▶ **Exercise brief**:
Look through the data below and output, unchanged, every line from the one holding "Die Steigbügelriemen sind" through the one holding "Calender Month |", inclusive. Skip the pictures.

▶ **The data**:
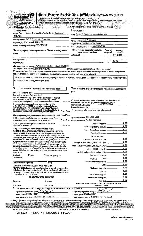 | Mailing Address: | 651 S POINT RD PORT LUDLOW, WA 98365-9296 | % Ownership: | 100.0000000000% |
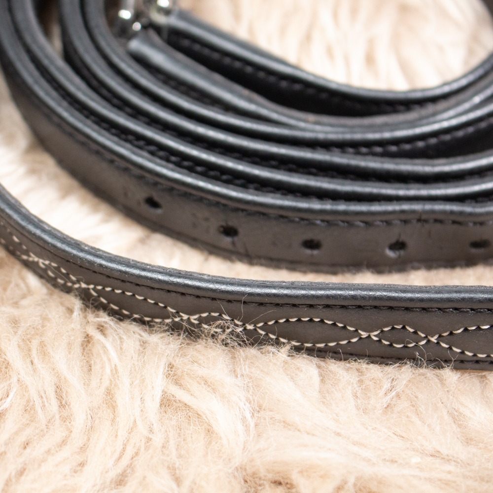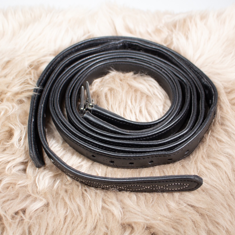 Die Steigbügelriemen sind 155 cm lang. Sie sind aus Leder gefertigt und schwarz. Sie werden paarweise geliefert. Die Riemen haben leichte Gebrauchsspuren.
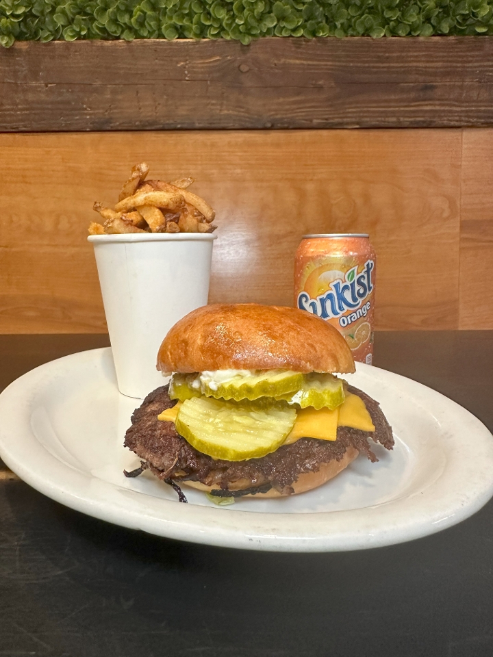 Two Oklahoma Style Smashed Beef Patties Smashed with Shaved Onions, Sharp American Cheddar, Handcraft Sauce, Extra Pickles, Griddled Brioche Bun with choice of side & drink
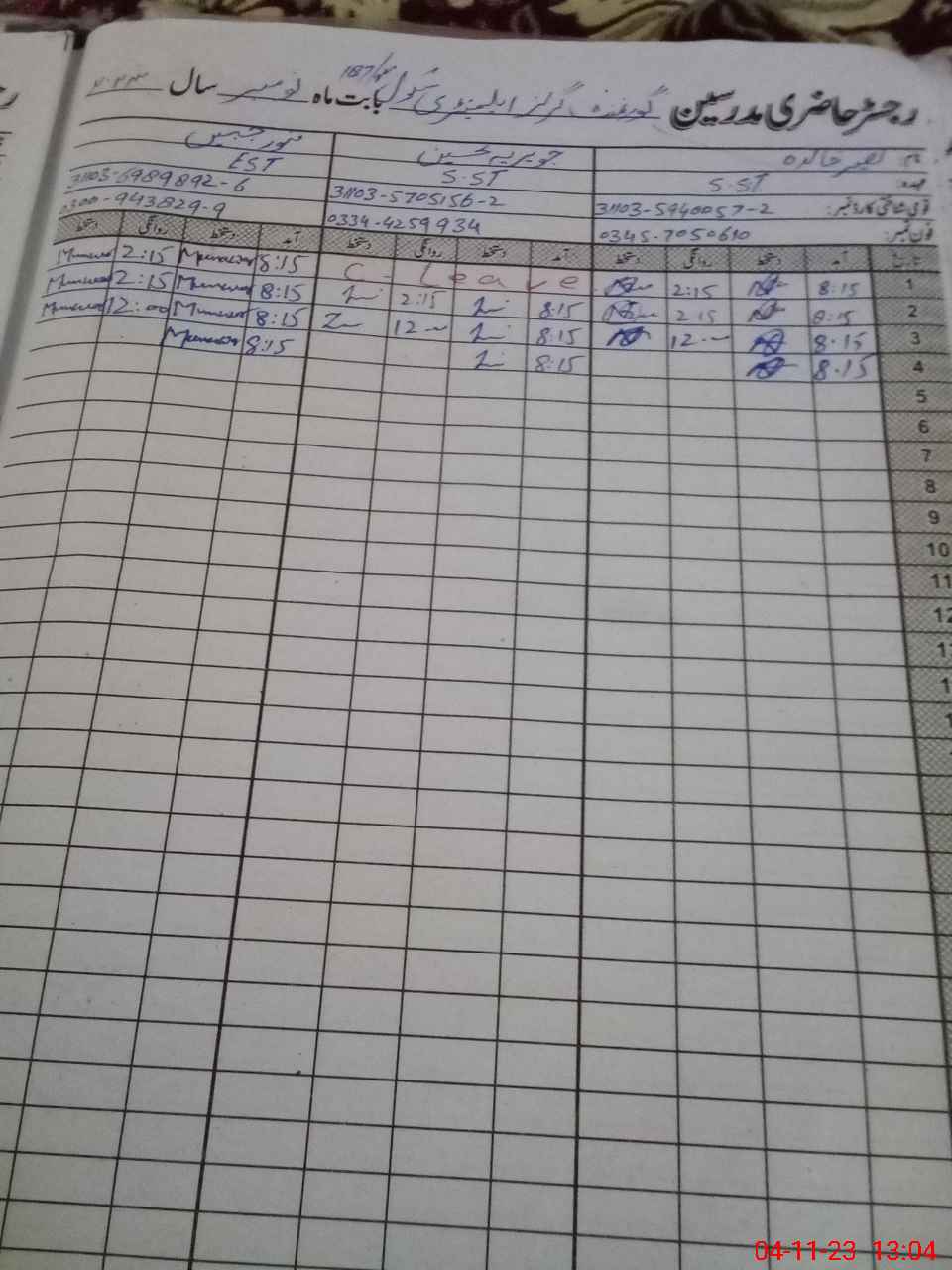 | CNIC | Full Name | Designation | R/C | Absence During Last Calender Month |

...

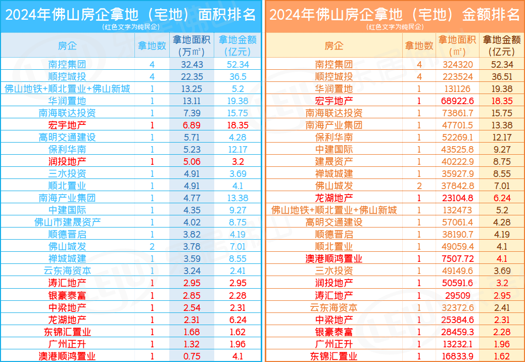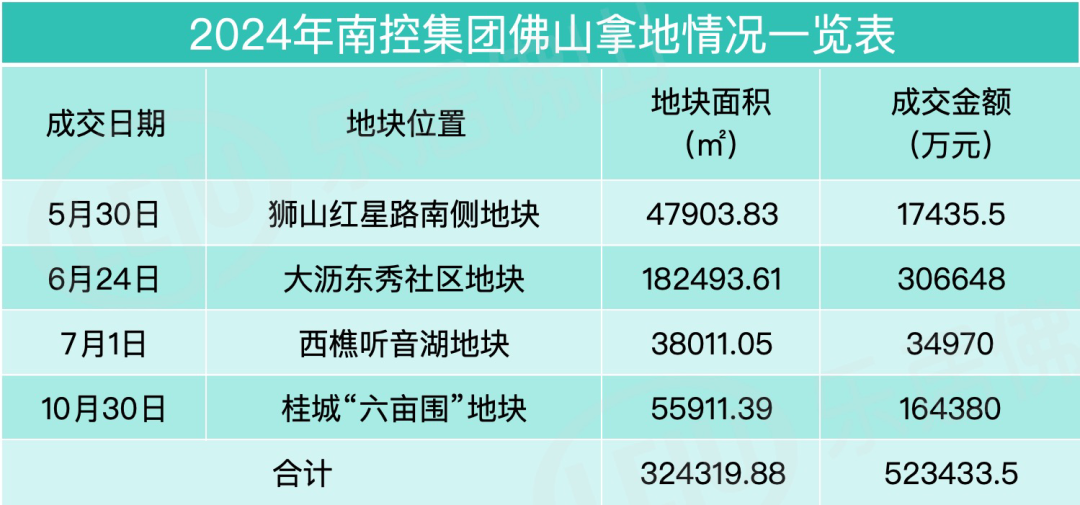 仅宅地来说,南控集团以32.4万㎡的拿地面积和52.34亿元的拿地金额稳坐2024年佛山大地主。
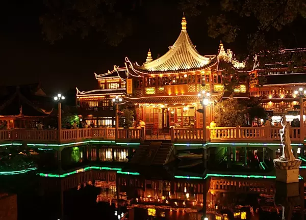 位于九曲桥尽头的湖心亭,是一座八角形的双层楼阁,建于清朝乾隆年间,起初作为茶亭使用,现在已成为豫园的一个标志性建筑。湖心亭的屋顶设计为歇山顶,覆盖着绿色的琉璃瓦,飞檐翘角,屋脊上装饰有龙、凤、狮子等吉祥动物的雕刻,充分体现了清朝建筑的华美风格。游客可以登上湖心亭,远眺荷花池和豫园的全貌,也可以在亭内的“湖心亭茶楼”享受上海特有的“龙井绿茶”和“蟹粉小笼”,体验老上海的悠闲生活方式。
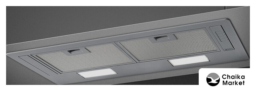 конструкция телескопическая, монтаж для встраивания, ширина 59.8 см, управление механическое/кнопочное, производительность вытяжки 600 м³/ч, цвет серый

--

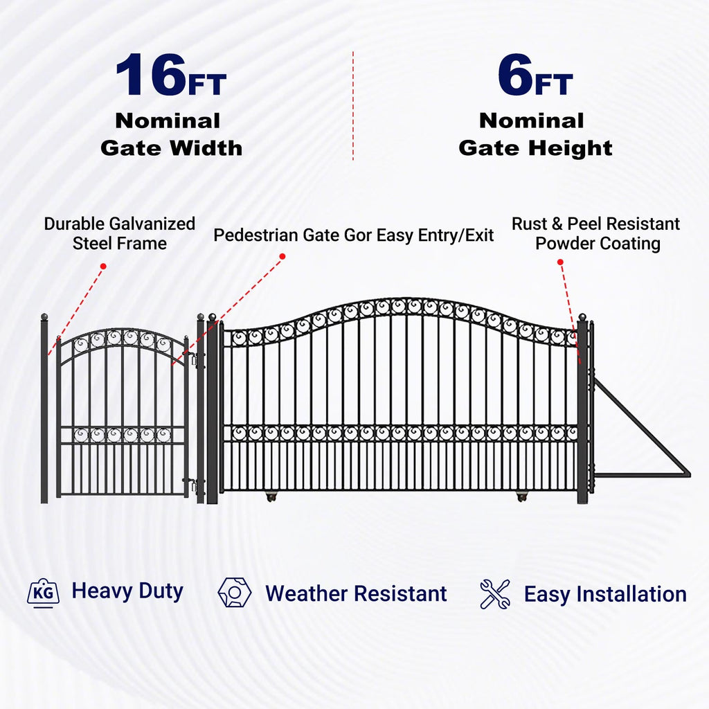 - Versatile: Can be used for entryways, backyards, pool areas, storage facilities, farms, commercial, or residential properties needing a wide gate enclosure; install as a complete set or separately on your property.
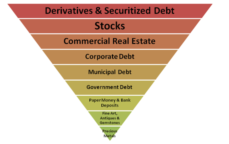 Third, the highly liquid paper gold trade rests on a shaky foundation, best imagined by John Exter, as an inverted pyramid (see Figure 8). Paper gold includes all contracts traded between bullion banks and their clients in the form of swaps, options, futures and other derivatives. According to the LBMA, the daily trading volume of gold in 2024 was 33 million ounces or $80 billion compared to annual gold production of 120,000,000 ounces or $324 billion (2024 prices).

▶ **Answer section**:
 Die Steigbügelriemen sind 155 cm lang. Sie sind aus Leder gefertigt und schwarz. Sie werden paarweise geliefert. Die Riemen haben leichte Gebrauchsspuren.
 Two Oklahoma Style Smashed Beef Patties Smashed with Shaved Onions, Sharp American Cheddar, Handcraft Sauce, Extra Pickles, Griddled Brioche Bun with choice of side & drink
 | CNIC | Full Name | Designation | R/C | Absence During Last Calender Month |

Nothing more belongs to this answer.